GENERIC AVAILABLE: Yes

PREPARATIONS: Oromucosal solution: 2% (20 mg/mL)

STORAGE: Lidocaine Viscous should be stored aft 15 C – 30 C (59 F – 86 –F).

DOSING: Adults: 5-10 ml of lidocaine viscous is recommended for the treatment of painful mucous membranes of the mouth or throat. No more than 6 doses should be given in 24 hours and the maximum dose is 60 ml or 1200 mg lidocaine.

To provide anesthesia prior to insertion of medical instruments or catheters into the upper respiratory or digestive tracts, 10 to 15 ml (200 to 300 mg) is recommended not to exceed 400 mg/day.

To treat diseases of the upper gastrointestinal tract, 5 to15 ml of lidocaine is recommended not to exceed 60 ml or 1200 mg per day.

Children 2-12 years: Dosing is based on weight. Do not exceed 1 ml per 5 kg of child's weight per dose. Do not exceed 4 mg/kg or 4 doses in 24 hours.

DRUG INTERACTIONS: Lidocaine topical administration results in low systematic or blood levels are therefore does not have any known clinically significant drug-drug interactions.
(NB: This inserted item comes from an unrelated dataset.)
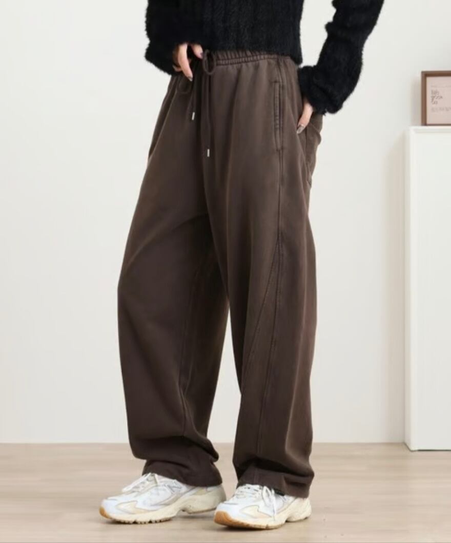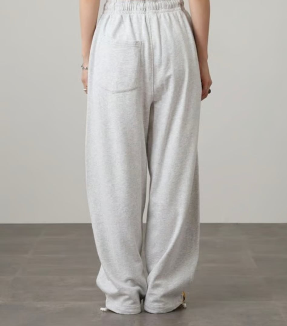 形は膝下からボリュームをもたせたバレルレッグタイプのスウェットパンツ。

The following drug interactions have been observed with intravenous lidocaine use.

Toxicity may result when lidocaine is used with other local anesthetics or drugs which are structurally related to amide-type local anesthetics. Antiarrhythmic drugs such as mexiletine and amiodarone may increase blood concentrations of lidocaine.

Lidocaine is mainly metabolized or broken down by liver enzymes. Strong inhibitors of these liver enzymes such as fluvoxamine, erythromycin, and itraconazole may decrease the breakdown of lidocaine and cause an increase in its blood concentrations.